→ Task details: Leave out every picture and set down, exactly, the lines below from the one holding "สาวรุกหนักผลัก พนักงานส่งอาหารติดกำแพง ก่อนจูบไม่ยั้ง" up to and including the one holding "今天我很高興出席香港商報六十".

→ Provided records:
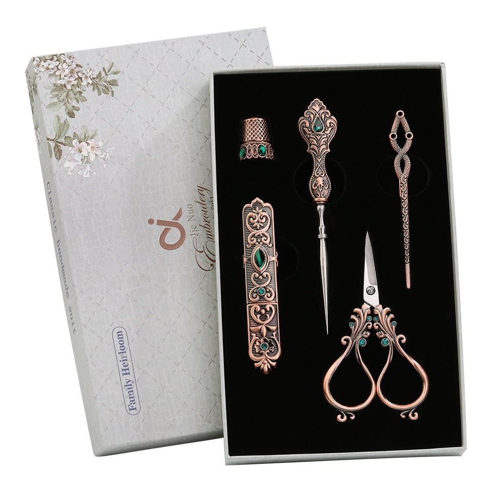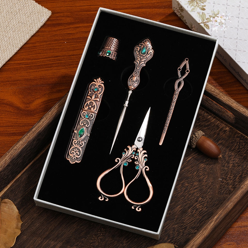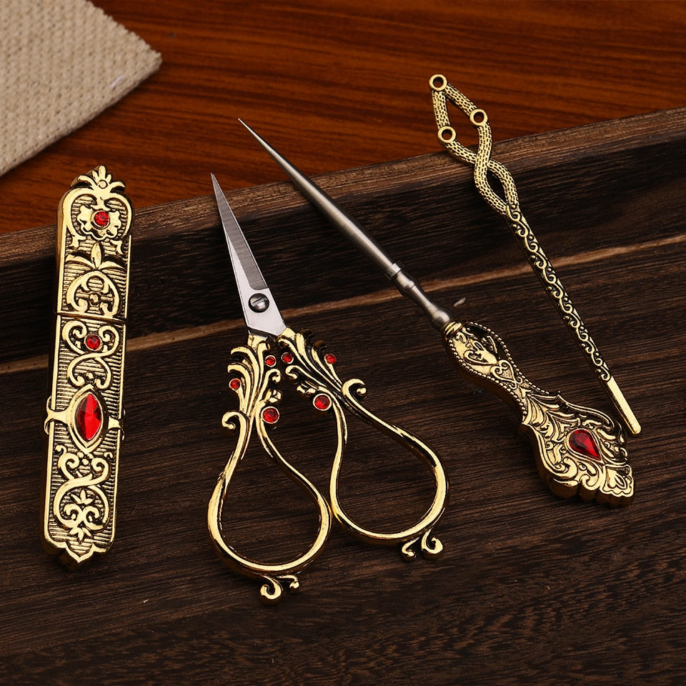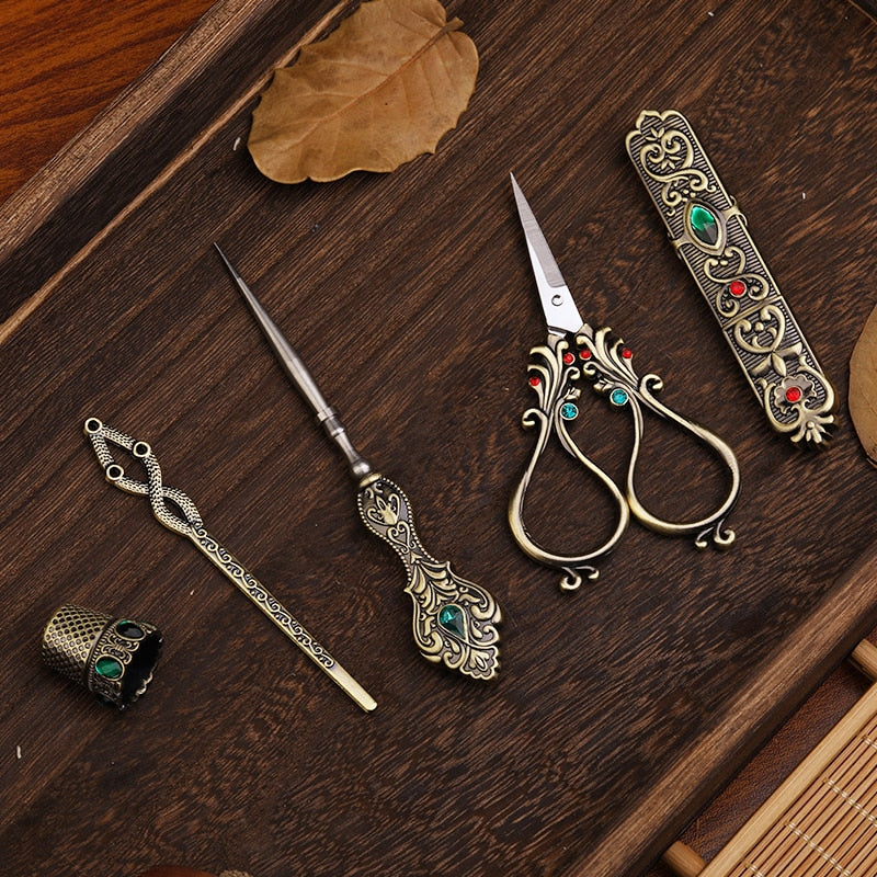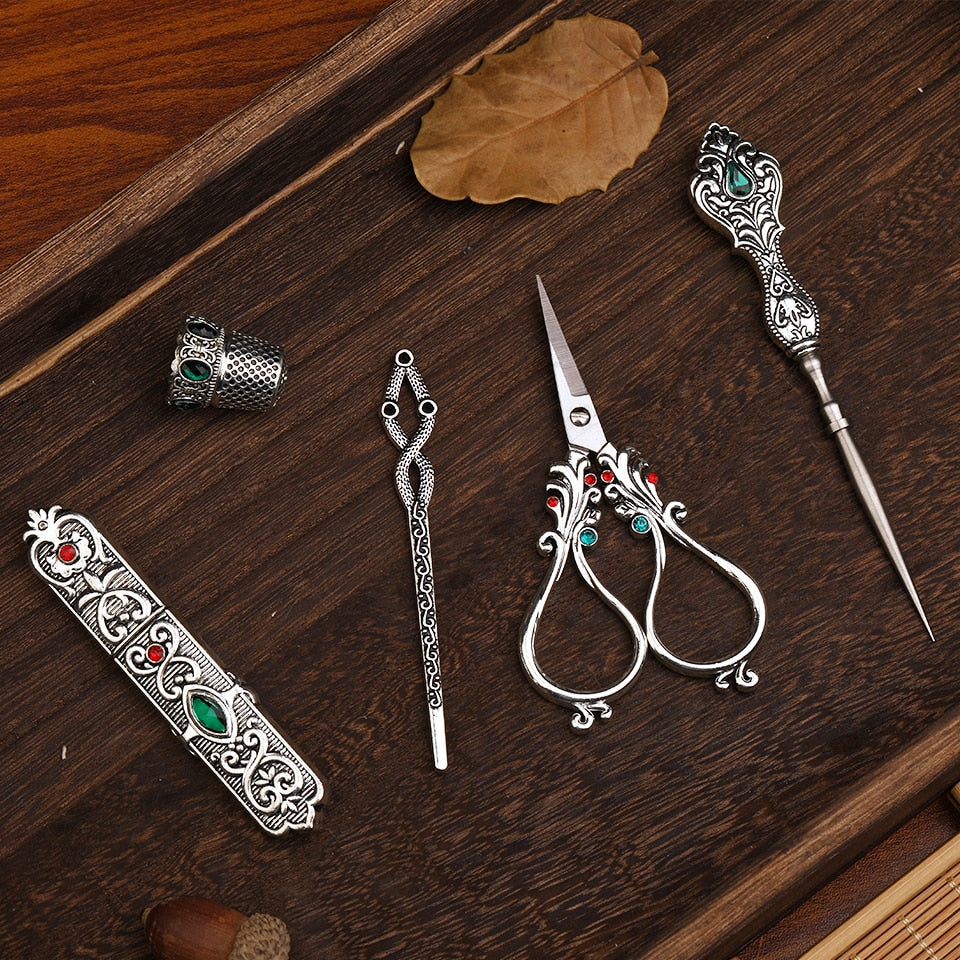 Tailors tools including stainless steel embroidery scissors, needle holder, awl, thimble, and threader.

==

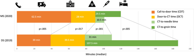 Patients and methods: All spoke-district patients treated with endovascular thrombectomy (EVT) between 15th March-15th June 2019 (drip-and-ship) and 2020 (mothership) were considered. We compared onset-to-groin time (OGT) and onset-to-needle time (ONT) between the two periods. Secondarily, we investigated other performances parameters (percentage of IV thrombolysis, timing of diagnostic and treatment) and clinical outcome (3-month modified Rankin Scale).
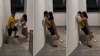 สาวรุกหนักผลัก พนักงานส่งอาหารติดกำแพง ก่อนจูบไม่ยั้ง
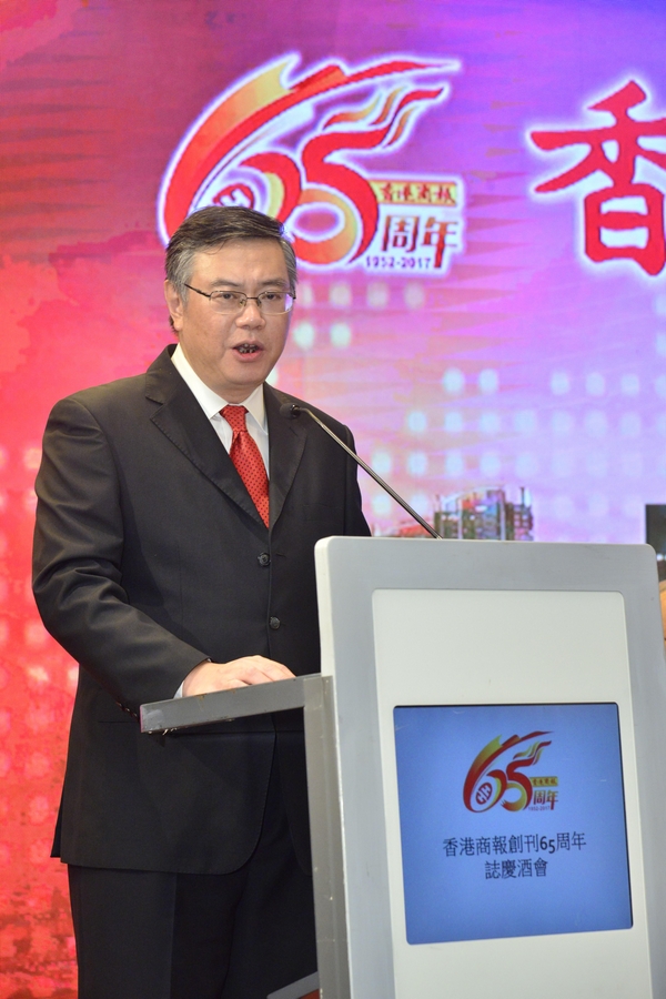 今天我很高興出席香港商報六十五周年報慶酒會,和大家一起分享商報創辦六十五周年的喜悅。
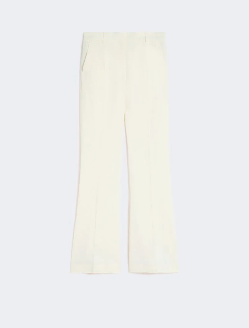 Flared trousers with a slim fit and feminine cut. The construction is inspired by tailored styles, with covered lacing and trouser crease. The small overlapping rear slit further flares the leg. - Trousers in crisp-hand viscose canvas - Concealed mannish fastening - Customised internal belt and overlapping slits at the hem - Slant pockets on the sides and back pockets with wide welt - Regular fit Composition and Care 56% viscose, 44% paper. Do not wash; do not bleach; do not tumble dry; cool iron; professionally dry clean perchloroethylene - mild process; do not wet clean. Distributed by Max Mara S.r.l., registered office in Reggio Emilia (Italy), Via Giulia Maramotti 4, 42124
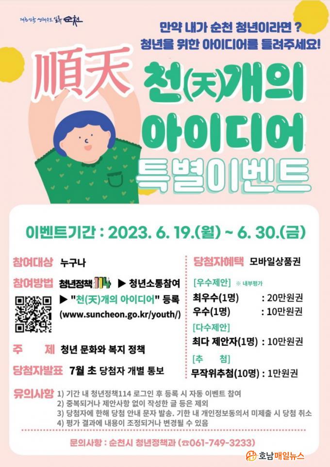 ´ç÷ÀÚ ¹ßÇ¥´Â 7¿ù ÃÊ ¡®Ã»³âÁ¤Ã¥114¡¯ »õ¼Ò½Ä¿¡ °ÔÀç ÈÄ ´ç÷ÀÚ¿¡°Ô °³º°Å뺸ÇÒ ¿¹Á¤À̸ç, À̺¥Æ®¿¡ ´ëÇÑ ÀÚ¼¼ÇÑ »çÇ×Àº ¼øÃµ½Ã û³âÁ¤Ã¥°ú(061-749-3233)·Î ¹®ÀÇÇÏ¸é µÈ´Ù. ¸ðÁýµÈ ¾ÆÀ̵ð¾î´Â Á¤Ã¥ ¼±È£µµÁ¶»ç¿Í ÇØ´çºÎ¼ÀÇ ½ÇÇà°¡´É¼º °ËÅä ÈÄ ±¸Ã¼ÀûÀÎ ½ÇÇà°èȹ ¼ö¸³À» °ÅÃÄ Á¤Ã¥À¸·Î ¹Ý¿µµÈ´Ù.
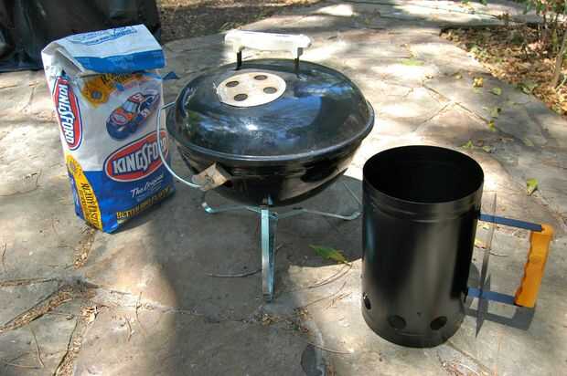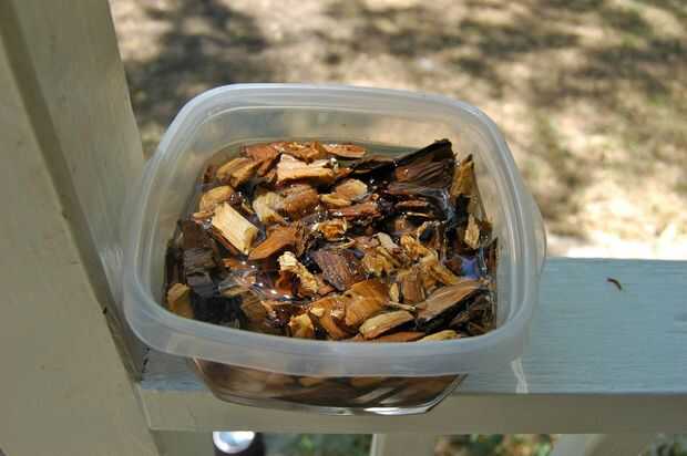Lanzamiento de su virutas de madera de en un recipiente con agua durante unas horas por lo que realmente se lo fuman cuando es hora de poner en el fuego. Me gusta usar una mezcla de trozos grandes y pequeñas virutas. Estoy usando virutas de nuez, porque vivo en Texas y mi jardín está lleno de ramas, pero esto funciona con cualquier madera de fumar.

→ Answer section:
 สาวรุกหนักผลัก พนักงานส่งอาหารติดกำแพง ก่อนจูบไม่ยั้ง
 今天我很高興出席香港商報六十五周年報慶酒會,和大家一起分享商報創辦六十五周年的喜悅。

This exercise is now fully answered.